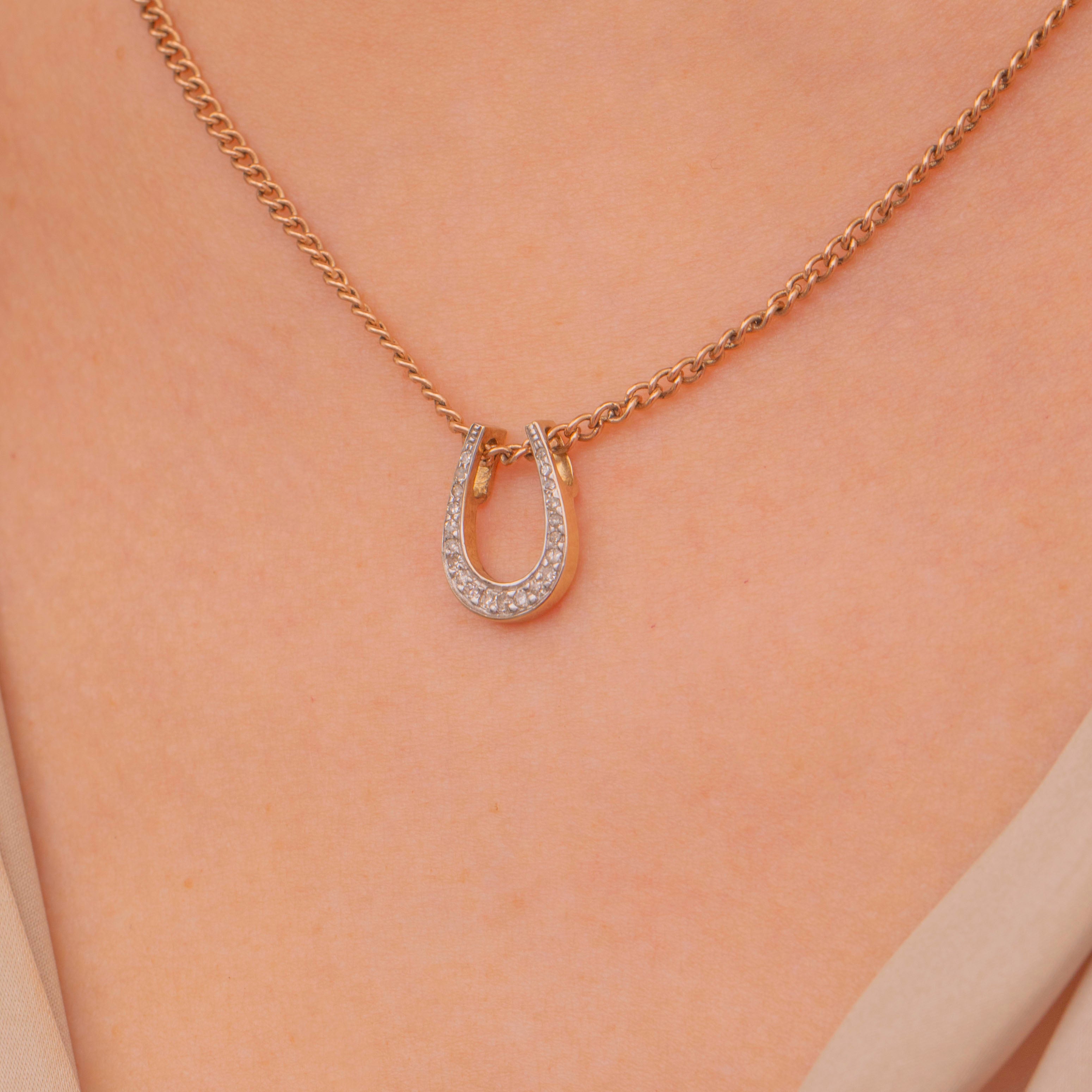 EXCELLENT. This 9ct Gold Diamond horseshoe slider pendant is in excellent condition. Her Diamonds are securely set and twinkle majestically without chips or scratches, and the Gold is bright and buttery. All in all, this fantastic vintage pendant is the most wonderful lucky charm to add to your collection!
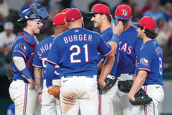 AP PHOTO BY SMILEY N. POOL/THE DALLAS MORNING NEWS - Texas Rangers pitcher Carter Baumler, third from right, gets a pat on the back from first baseman Jake Burger (21) as he gets a visit at the mound from manager Skip Schumaker to inform him he has made the Opening Day roster during the fifth inning of an exhibition baseball game against the Kansas City Royals on Monday, March 23, in Arlington, Texas.
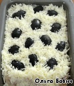 Сверху укладываем порезанные маслинки, присыпая вокруг сыром.
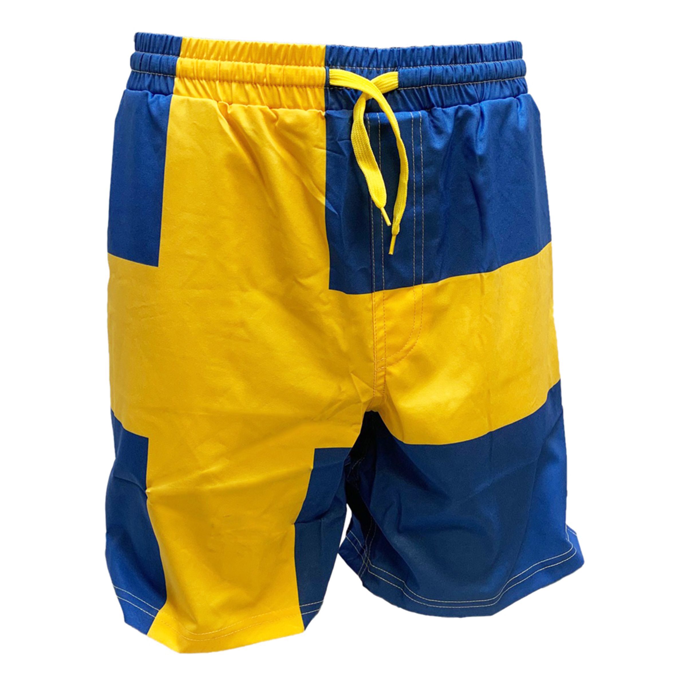 Badshorts Sverige är ett par riktigt snygga badshorts med motiv av den svenska flaggan. Badbyxorna finns i fem olika storlekar för vuxna. Badbyxorna har resår i midjan tillsammans med snörning och två stycken framfickor. Observera att shortsen är ganska små i storlekarna, så är din vanliga storlek small, bör du ta storlek medium.
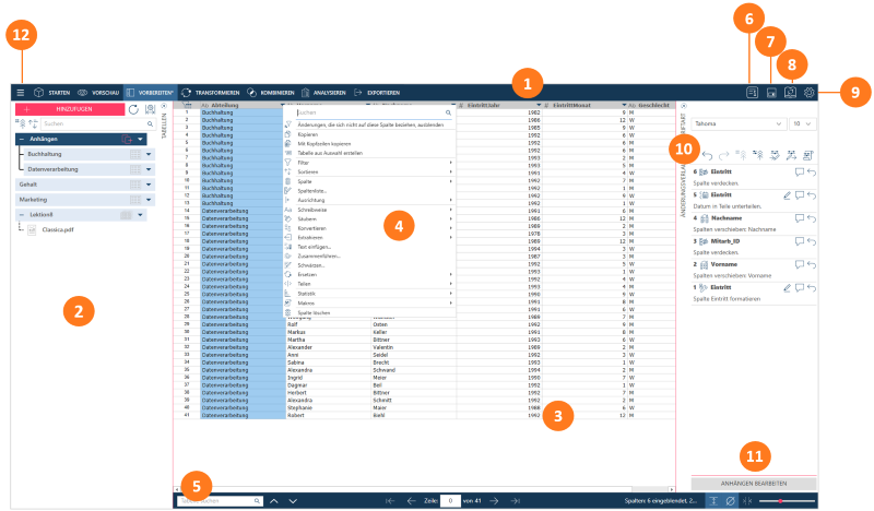 In diesem Fenster können Sie Spalten mithilfe der Datenvorbereitungs-Vorgänge für Spalten transformieren, um Ihre Daten für die spätere Analyse vorzubereiten.
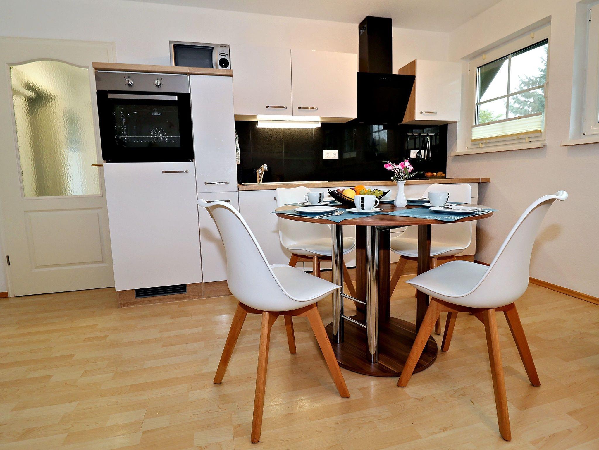 • eine komfortable, vollausgestattete offene Küchenzeile mit Ceranfeld- 4 Platten, Backofen, Kühlschrank, Wasserkocher, Geschirr, Besteck, Gläser, Mikrowelle, Kaffeemaschine, Toaster, erweiterbarem Essbereich
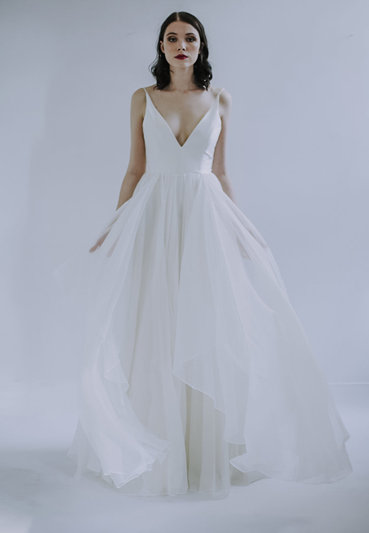 Deep V Neck Tulle Gown White Halter Back Wedding Dress Spaghetti
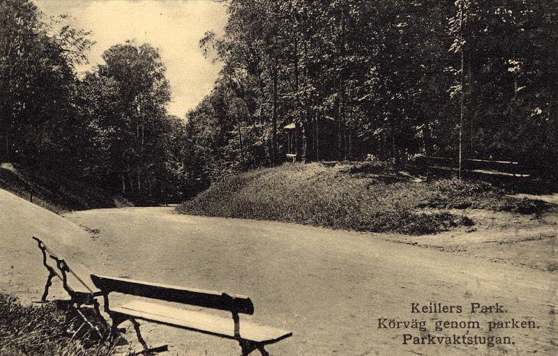 Beskrivning: Keillers Park, körväg genom parken och parkvaktstugan.
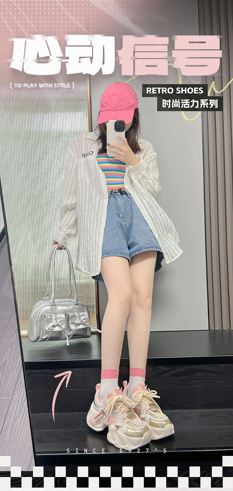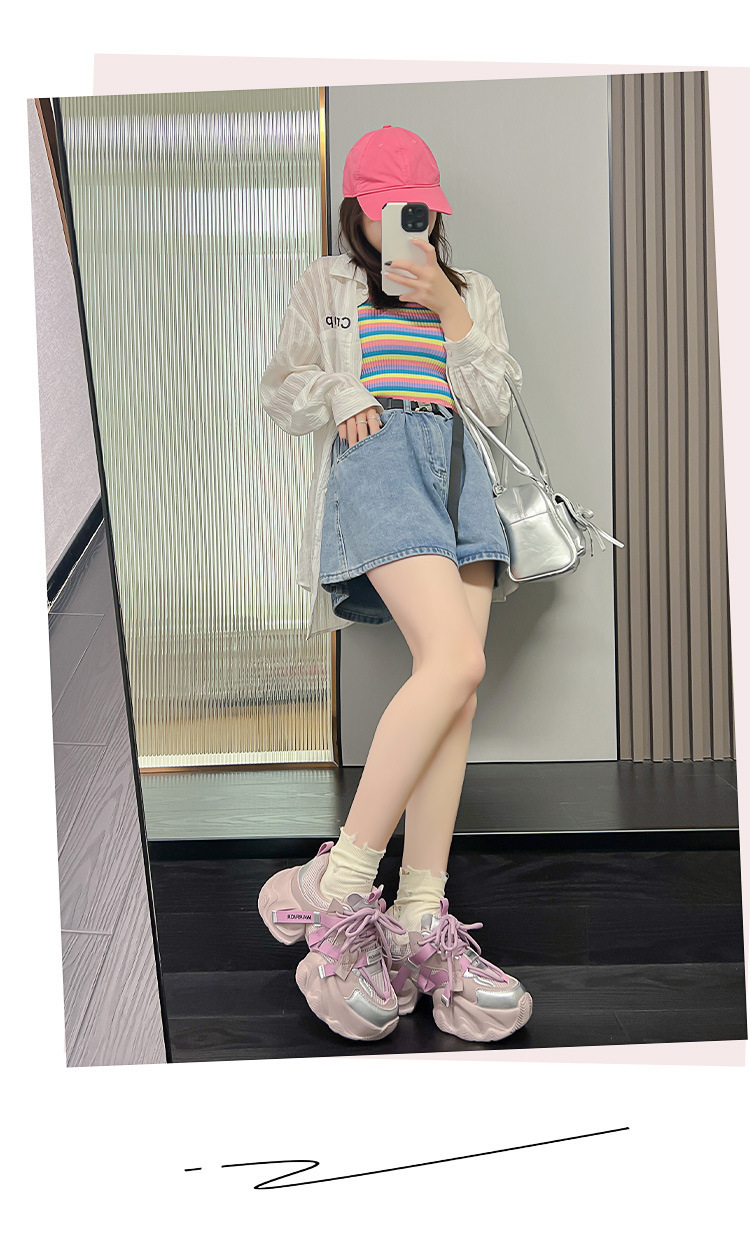 Женские летние кроссовки 2025 года, новые универсальные модные повседневные туфли на толстой подошве, спортивная обувь с эффектом увеличения роста.
● ● ● ● ● ● ●
Exercise —
None of the pictures should appear; the rest of the entries must be reproduced exactly.

Answer section —
 EXCELLENT. This 9ct Gold Diamond horseshoe slider pendant is in excellent condition. Her Diamonds are securely set and twinkle majestically without chips or scratches, and the Gold is bright and buttery. All in all, this fantastic vintage pendant is the most wonderful lucky charm to add to your collection!
 AP PHOTO BY SMILEY N. POOL/THE DALLAS MORNING NEWS - Texas Rangers pitcher Carter Baumler, third from right, gets a pat on the back from first baseman Jake Burger (21) as he gets a visit at the mound from manager Skip Schumaker to inform him he has made the Opening Day roster during the fifth inning of an exhibition baseball game against the Kansas City Royals on Monday, March 23, in Arlington, Texas.
 Сверху укладываем порезанные маслинки, присыпая вокруг сыром.
 Badshorts Sverige är ett par riktigt snygga badshorts med motiv av den svenska flaggan. Badbyxorna finns i fem olika storlekar för vuxna. Badbyxorna har resår i midjan tillsammans med snörning och två stycken framfickor. Observera att shortsen är ganska små i storlekarna, så är din vanliga storlek small, bör du ta storlek medium.
 In diesem Fenster können Sie Spalten mithilfe der Datenvorbereitungs-Vorgänge für Spalten transformieren, um Ihre Daten für die spätere Analyse vorzubereiten.
 • eine komfortable, vollausgestattete offene Küchenzeile mit Ceranfeld- 4 Platten, Backofen, Kühlschrank, Wasserkocher, Geschirr, Besteck, Gläser, Mikrowelle, Kaffeemaschine, Toaster, erweiterbarem Essbereich
 Deep V Neck Tulle Gown White Halter Back Wedding Dress Spaghetti
 Beskrivning: Keillers Park, körväg genom parken och parkvaktstugan.
 Женские летние кроссовки 2025 года, новые универсальные модные повседневные туфли на толстой подошве, спортивная обувь с эффектом увеличения роста.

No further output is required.